Summary. The paper proposes DualEngage, a dual-stream architecture for group-level student engagement recognition in classroom videos. The primary stream detects and tracks individuals, computes dense optical flow via RAFT, encodes temporal dynamics with a transformer, and aggregates via attention pooling. The secondary stream extracts spatiotemporal scene features with a pretrained 3D ResNet. Representations are fused by softmax-gated adaptive weighting. On the Classroom Group Engagement Dataset from Ocean University of China, five-fold cross-validation yields 0.9621±0.0161 accuracy and 0.9530±0.0204 macro F1; ablations confirm the dual-stream benefit over single-stream variants.

Significance. If the performance holds under proper validation, the work is significant as one of the first explicit dual-stream treatments of group engagement that jointly models individual motion dynamics and scene context. The transformer-based motion encoding and learned gating mechanism constitute a clear technical contribution, and the internal ablation study supplies direct evidence that both streams are necessary. The approach addresses a genuine gap between individual/online engagement estimators and in-classroom group analysis.

major comments (2)

[Experiments] Experiments section: the manuscript reports 0.9621 accuracy and 0.9530 F1 on the Classroom Group Engagement Dataset but supplies no information on dataset size, number of clips, class balance, labeling protocol, inter-rater agreement, or student demographics. Without these details the central performance claim cannot be assessed for reliability or generalization beyond the single institutional source.
[Experimental results] Experimental results: while ablation tables compare single-stream variants to the full model, no quantitative comparison is provided against prior group or individual engagement methods. This omission makes it impossible to determine whether the reported numbers represent an advance over existing baselines.

minor comments (2)

[Abstract and Methods] The abstract and introduction refer to 'fivefold cross-validation' without stating whether folds are stratified by class or by video to avoid leakage; this should be clarified in the methods.
[Method] Notation for the gated fusion (softmax over the two stream features) is introduced without an explicit equation; adding a numbered equation would improve reproducibility.

Simulated Author's Rebuttal

2 responses · 0 unresolved

We thank the referee for the constructive and detailed feedback. We address each major comment below and commit to revisions that strengthen the manuscript without misrepresenting our contributions or results.

read point-by-point responses

Referee: [Experiments] Experiments section: the manuscript reports 0.9621 accuracy and 0.9530 F1 on the Classroom Group Engagement Dataset but supplies no information on dataset size, number of clips, class balance, labeling protocol, inter-rater agreement, or student demographics. Without these details the central performance claim cannot be assessed for reliability or generalization beyond the single institutional source.

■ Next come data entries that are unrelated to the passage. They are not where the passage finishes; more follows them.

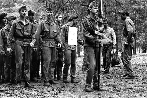 "Anlass: GST-Lager der 11.Klasse der EOS "Friedrich List", Berlin-Pankow. Kommentar: der Marschbereite Zug "Ernst Thälmann", vorn der Zugführer, rechts 2 Lehrer von der EOS "Carl v. Ossietzky", unsere Ausbilder."
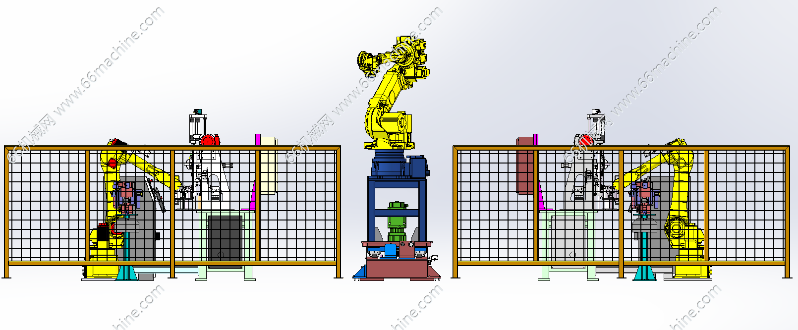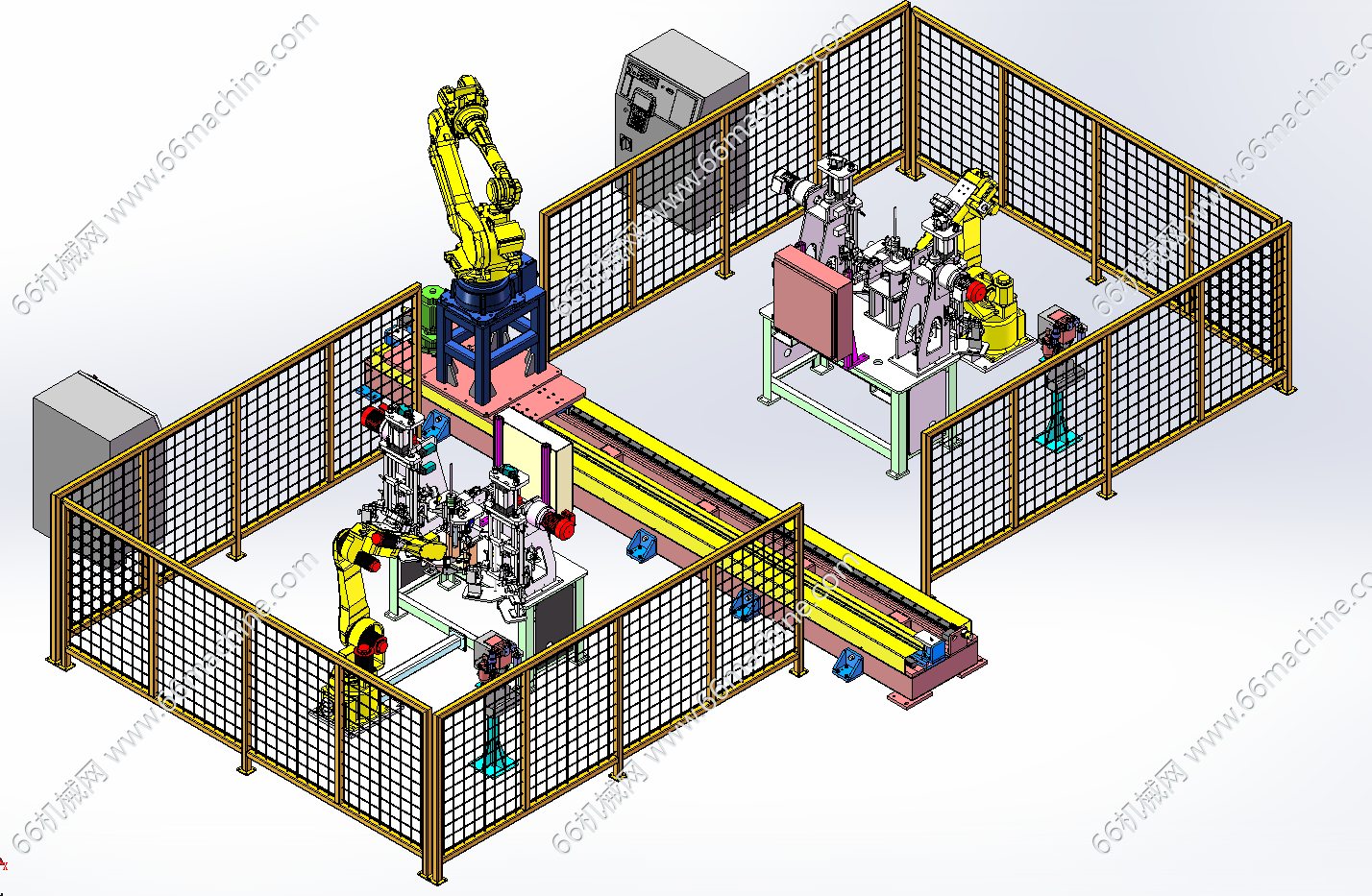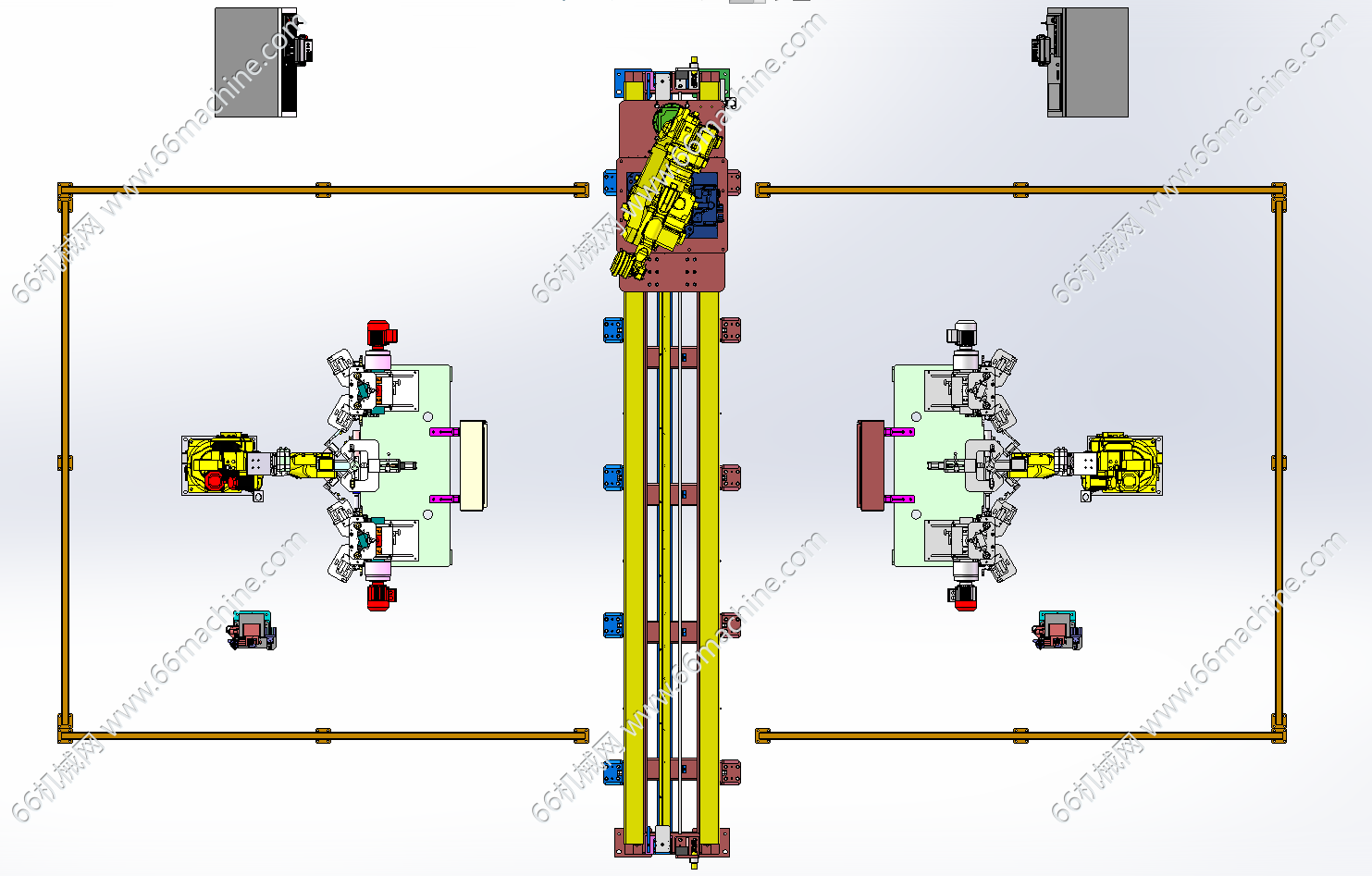 本模型为基于机器人的自动焊接系统,其中由一台地轨式六轴搬运机器人从一侧取料,放置两侧的焊接工装上,由两台焊接机器人自动焊接,焊接完成后在抓取放置另一侧成品区。
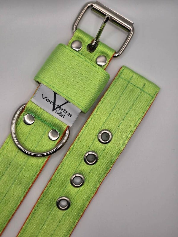 Sterk, stijlvol en verrassend comfortabel! Deze halsband, gemaakt van stevig autogordelmateriaal in groen met oranje, is bijna onverwoestbaar en toch soepel voor dagelijks draagcomfort. Kleurvast en slijtvast, dus hij blijft er lang als nieuw uitzien. Perfect voor honden die net zo krachtig zijn als hun uitstraling!
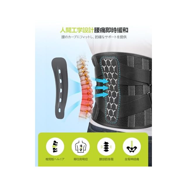 【腰の不安をしっかりサポート】 Rakiie 腰サポーターは、腰痛・椎間板ヘルニア・坐骨神経痛・長時間作業による腰の負担を軽減。日常生活や立ち仕事、運転、家事など、幅広いシーンで腰を安定サポートします。
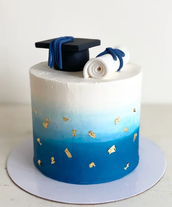 Blue Gradient Graduation Cake | Custom 1-Tier Cake Design
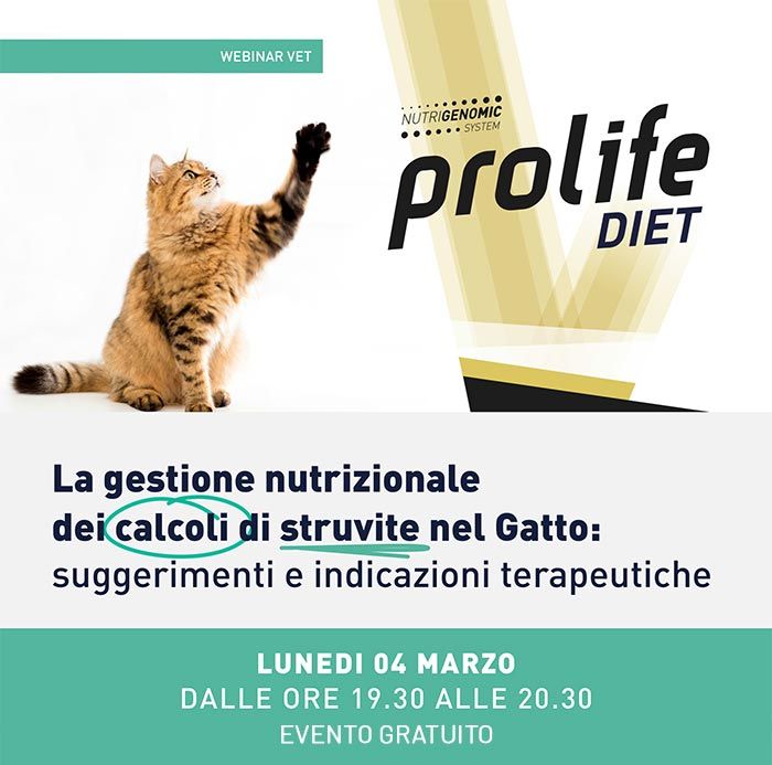 28 febbraio 2024 - L'attenzione degli specialisti in medicina veterinaria si rivolge con crescente interesse alla gestione nutrizionale della urolitiasi da struvite nei felini. In questo contesto, Prolife è lieta di annunciare il suo sostegno come sponsor al webinar gratuito "La Gestione Nutrizionale dei Calcoli di Struvite nel Gatto: Suggerimenti e Indicazioni Terapeutiche", in programma per il 04 marzo 2024 dalle 19:30 alle 20:30, organizzato da Edra Spa.
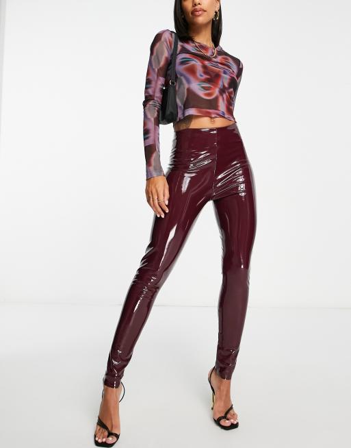 Commando – Perfect Control – Leggings aus Kunstleder in dunkelroter Lackoptik, Kombiteil
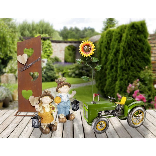 Sie sind auf der Suche nach einem fröhlichen Übertopf, der Pflanzen, Blumen und sonstige Gewächse zu einem echten Augenschmaus macht? Dann liegen Sie hiermit goldrichtig! Das hinreißende Pflanzgefäß kommt als Traktor gestaltet daher und ist somit genau das Richtige, um in Haus und Hof dekorative Akzente zu setzen. Es besteht aus Metall, misst 45,5 x 21,5 x 26 cm und ist aufgrund der detailreichen Gestaltung der absolute Augenschmaus. In Kombination mit zarten Blümchen (nicht im Lieferumfang enthalten) taucht der Pflanztraktor Ihr Zuhause in Sekundenschnelle in ein wohliges Ambiente, von welchem Sie und Ihre Lieben in den warmen Monaten garantiert nicht genug bekommen. Ganz gleich, ob im Inneren der vier Wände, auf Balkon oder Terrasse – mit dem niedlichen Blumentopf sind Ihrer Fantasie keinerlei Grenzen gesetzt. Also ran an Blumen, Erde und Co. und munter drauflos gärtnern!
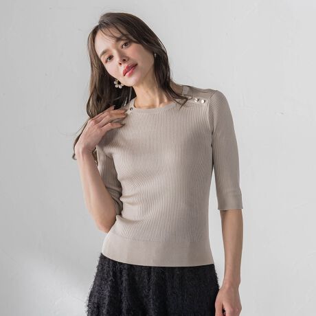 心地よい着用感のリブ組織で編み立て、肩のメタルボタンデザインがポイントです。
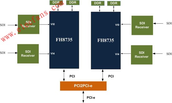 高清图像的图像质量至少3倍于D1的图像分辨率,此时富瀚FH8735优良的编码性能为HD-CCTV的原始图像压缩以及存储提供了强有力的保证。PCI/PCI-E的总线可以根据实际应用来选择,对于对预览要求较高的应用,PCI-E的带宽足以保证高清原始码流传输至HOST端进行后处理。同时也为智能分析提供了高质量原始图像的保障。
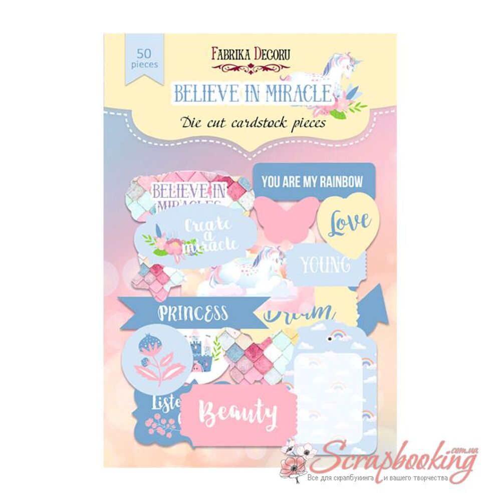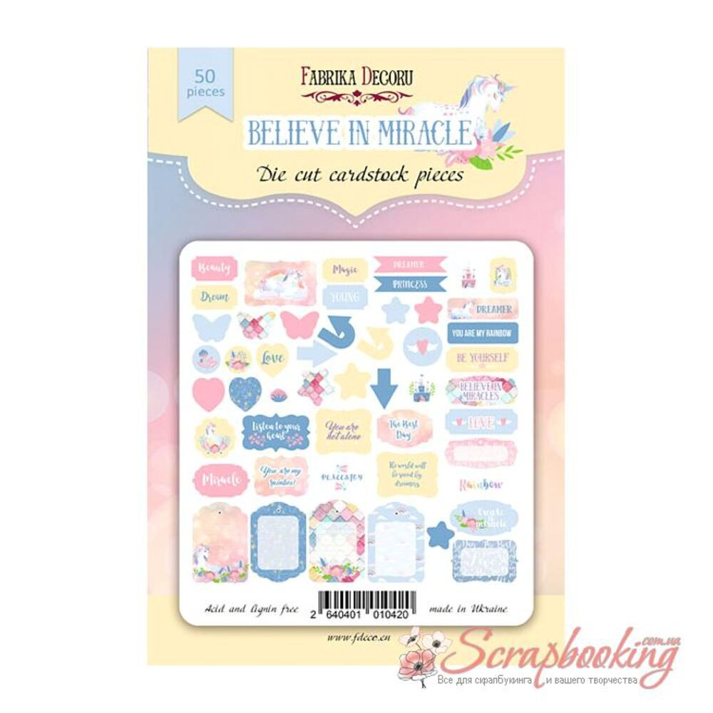 Висічки з колекції Believe in miracle від виробника Фабрика Декору. В упаковці декоративні Висічки в кількості 50шт. Розмір висічок від 2 до 8 см. Щільність висічок 250гр / м2.
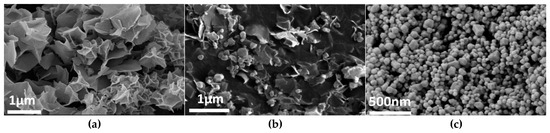 SEM images: m1 = 0.66, m2 = 0, t1 = 0.25, V1 = 15, (a) V1(C2H5OH):V1(H2O) = 85:15; (b) V1(C2H5OH):V1(H2O) = 70:30; (c) V1(C2H5OH):V1(H2O) = 50:50.

Authors: We agree that these dataset details are essential for evaluating reliability and generalization. The Classroom Group Engagement Dataset was developed at Ocean University of China, and we have the underlying statistics available. In the revised manuscript we will add a dedicated subsection in Experiments describing: total number of clips and students, class balance across engagement levels, the labeling protocol (including number of annotators and how consensus was reached), student demographics, and any inter-rater agreement statistics that were computed. If formal inter-rater agreement was not recorded during dataset creation, we will explicitly note this as a limitation and discuss its implications. revision: yes
Referee: [Experimental results] Experimental results: while ablation tables compare single-stream variants to the full model, no quantitative comparison is provided against prior group or individual engagement methods. This omission makes it impossible to determine whether the reported numbers represent an advance over existing baselines.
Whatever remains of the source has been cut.